Guest WiFi that opens only designated web services

A guest joins the company WiFi and reaches a short list of designated web services, nothing else. The confinement is enforced twice: the network lets the guest VLAN reach only Coelion, and Coelion resolves every request to one designated service and refuses everything else. An allowlist by construction, not a denylist filter.

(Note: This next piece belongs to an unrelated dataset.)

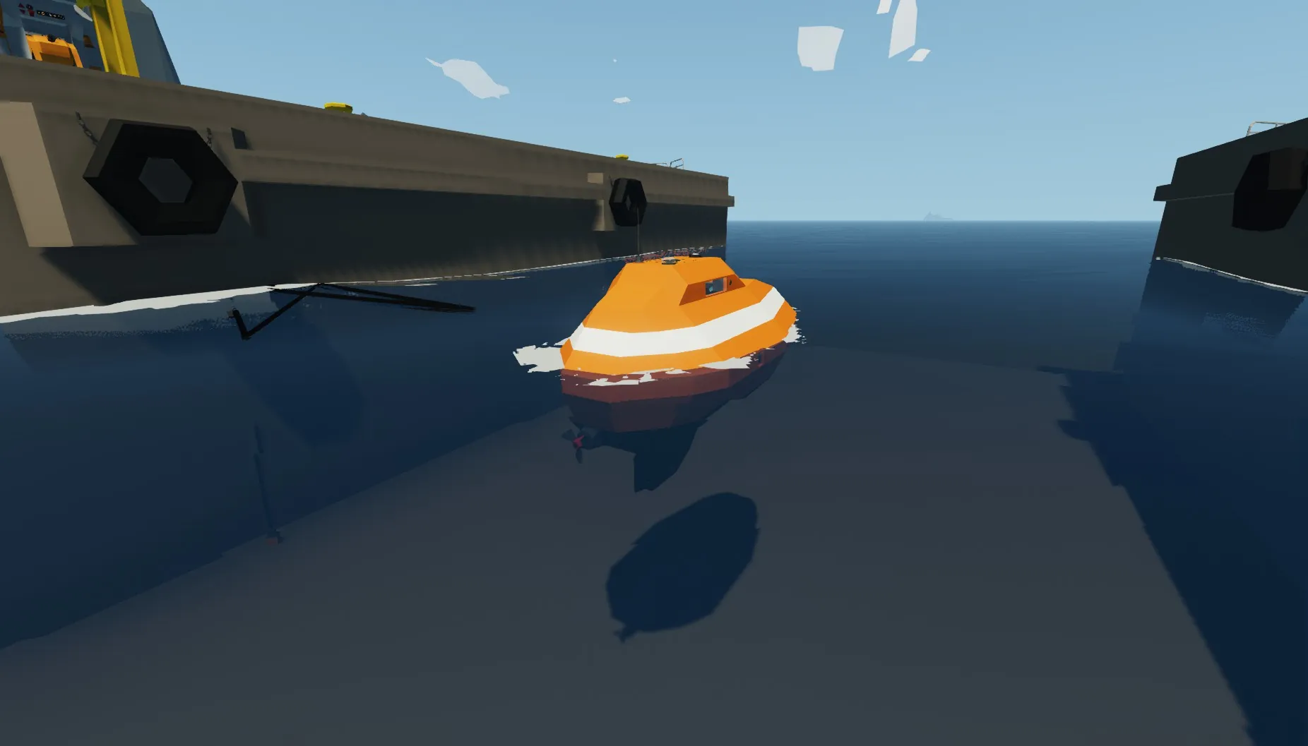 This is a life boat like on a modern cargo ship that slides off the back/side.

Two layers, each closed by default

Layer 1, the network, confines the guest VLAN to Coelion. Standard network engineering on the customer's own gear: an isolated guest VLAN with client isolation, a firewall that denies all egress by default and allows only the Coelion listener on TCP 443, and a guest DNS resolver that answers only the designated hostnames. Layer 2, Coelion, confines every request to one designated web service. Each service is a virtual host fronting one backend, internal or allowlisted-external. Coelion only knows its configured virtual hosts and has no arbitrary-destination behaviour. Every request runs through the per-request access check and produces one access-log line.

Optional: a door to the internet, authorised by Coelion

The VLAN stays internet-closed by default. One designated service can be a Coelion access portal: sign-in, voucher or terms acceptance. On success Coelion records the decision and signals the network controller, through a RADIUS Change-of-Authorization or a controller API call, to widen the device's egress policy. The internet traffic then flows directly through the firewall, never through Coelion.

What it does not do

Web only: a designated service that is not web-based cannot be fronted. The network layer is the customer's responsibility, not Coelion's. Coelion is not a captive-portal or NAC replacement. The internet-egress hand-off is an integration wired to the specific controller in use, not a built-in capability.